- _What to produce_
Taking only the lines of the data below from the line with "Ancak diğer metallerde" to the line with "Gyerek moduláris szekrény, fehér/barna", ends included, write them out exactly and without pictures.

**** Supplied records

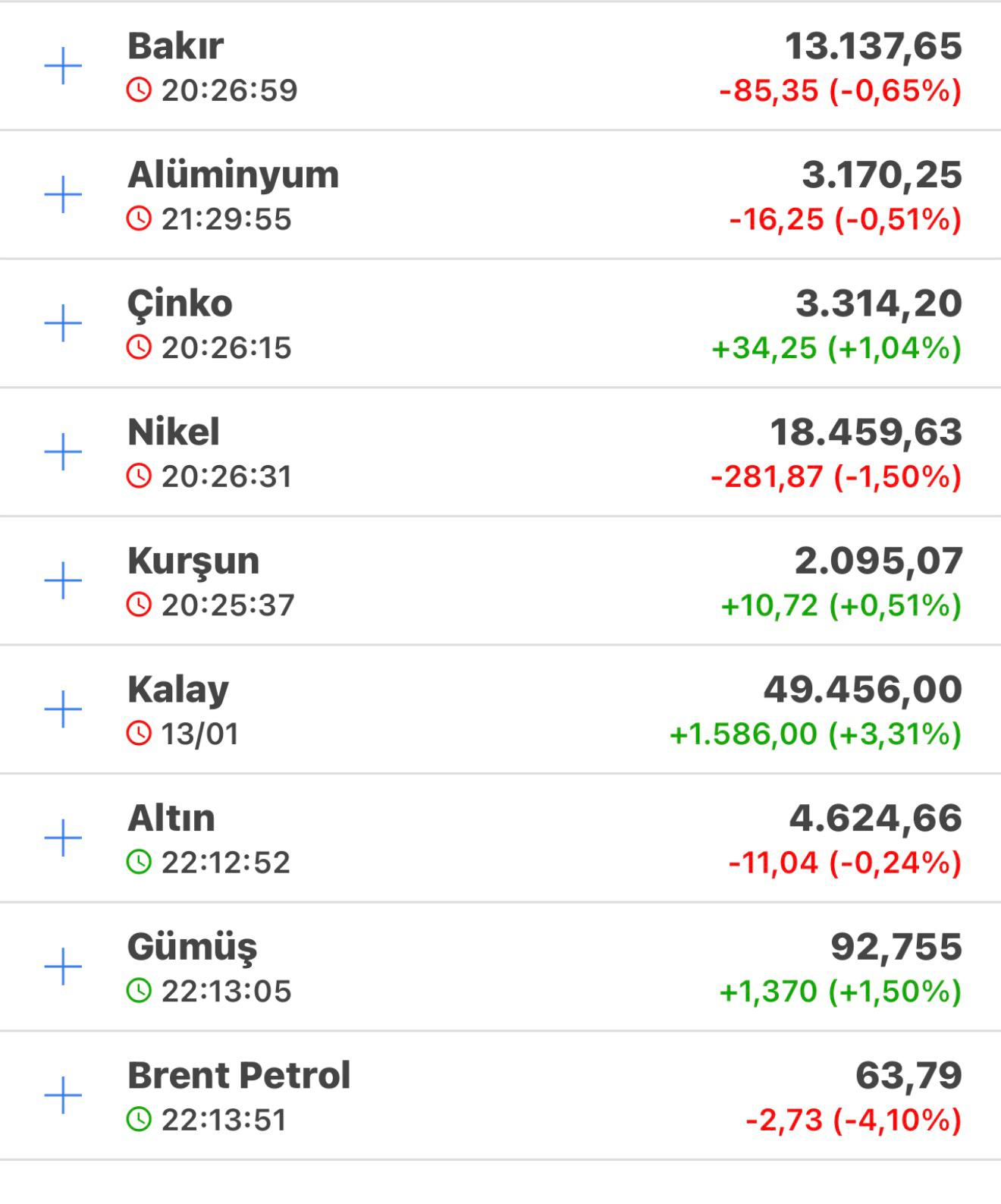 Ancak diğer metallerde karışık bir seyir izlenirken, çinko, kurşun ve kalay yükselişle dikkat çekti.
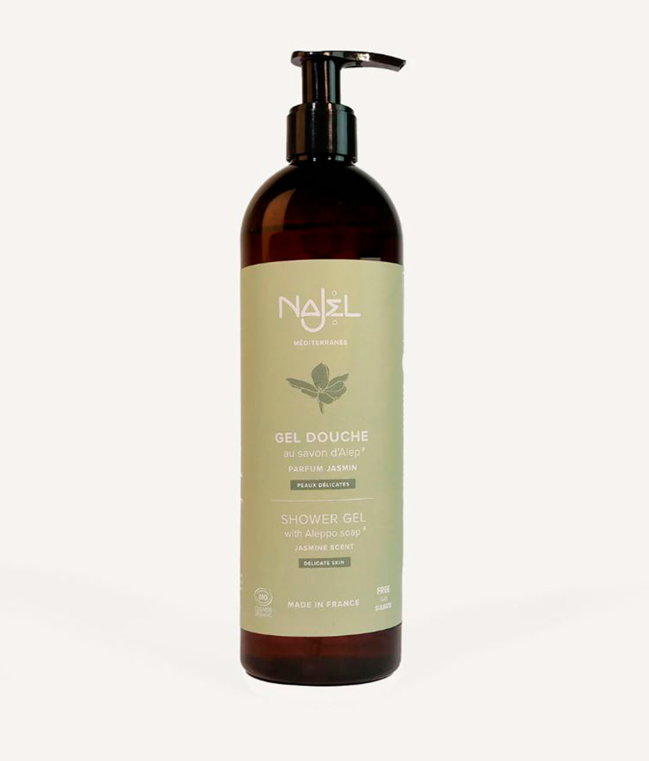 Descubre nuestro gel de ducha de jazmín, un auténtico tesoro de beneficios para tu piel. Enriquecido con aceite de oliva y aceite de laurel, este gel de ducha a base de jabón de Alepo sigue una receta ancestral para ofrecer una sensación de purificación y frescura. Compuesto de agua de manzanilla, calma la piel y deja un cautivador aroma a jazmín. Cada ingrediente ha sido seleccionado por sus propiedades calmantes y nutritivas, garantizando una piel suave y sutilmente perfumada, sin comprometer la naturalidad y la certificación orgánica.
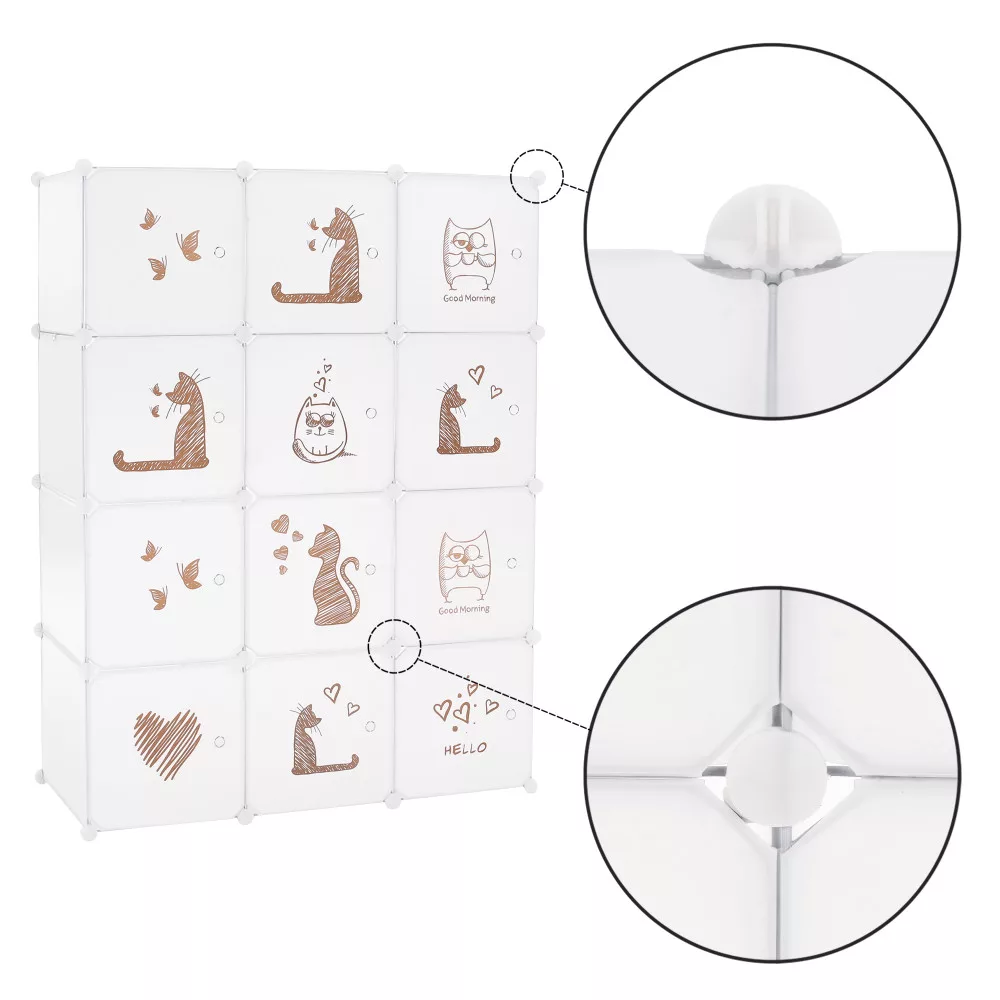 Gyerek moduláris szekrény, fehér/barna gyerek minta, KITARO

********
**** Supplied records

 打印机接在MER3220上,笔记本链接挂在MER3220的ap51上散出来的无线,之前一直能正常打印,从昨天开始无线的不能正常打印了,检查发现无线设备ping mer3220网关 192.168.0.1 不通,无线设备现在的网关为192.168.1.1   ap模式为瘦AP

********
**** Supplied records

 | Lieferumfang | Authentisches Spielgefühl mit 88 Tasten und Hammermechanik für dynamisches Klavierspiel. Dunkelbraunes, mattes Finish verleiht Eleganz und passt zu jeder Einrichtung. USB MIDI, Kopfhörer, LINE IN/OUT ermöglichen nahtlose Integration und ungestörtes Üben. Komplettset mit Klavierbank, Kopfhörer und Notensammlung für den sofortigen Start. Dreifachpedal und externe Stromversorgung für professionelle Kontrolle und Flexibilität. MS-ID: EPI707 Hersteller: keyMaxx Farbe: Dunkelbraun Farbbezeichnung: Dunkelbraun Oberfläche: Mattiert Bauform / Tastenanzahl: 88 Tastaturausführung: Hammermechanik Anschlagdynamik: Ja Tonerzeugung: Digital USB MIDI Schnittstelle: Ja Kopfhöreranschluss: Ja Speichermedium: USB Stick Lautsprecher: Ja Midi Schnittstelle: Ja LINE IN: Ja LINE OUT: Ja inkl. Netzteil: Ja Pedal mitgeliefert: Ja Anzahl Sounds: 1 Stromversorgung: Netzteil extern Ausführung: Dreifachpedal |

********

- _Written answer_
 Ancak diğer metallerde karışık bir seyir izlenirken, çinko, kurşun ve kalay yükselişle dikkat çekti.
 Descubre nuestro gel de ducha de jazmín, un auténtico tesoro de beneficios para tu piel. Enriquecido con aceite de oliva y aceite de laurel, este gel de ducha a base de jabón de Alepo sigue una receta ancestral para ofrecer una sensación de purificación y frescura. Compuesto de agua de manzanilla, calma la piel y deja un cautivador aroma a jazmín. Cada ingrediente ha sido seleccionado por sus propiedades calmantes y nutritivas, garantizando una piel suave y sutilmente perfumada, sin comprometer la naturalidad y la certificación orgánica.
 Gyerek moduláris szekrény, fehér/barna gyerek minta, KITARO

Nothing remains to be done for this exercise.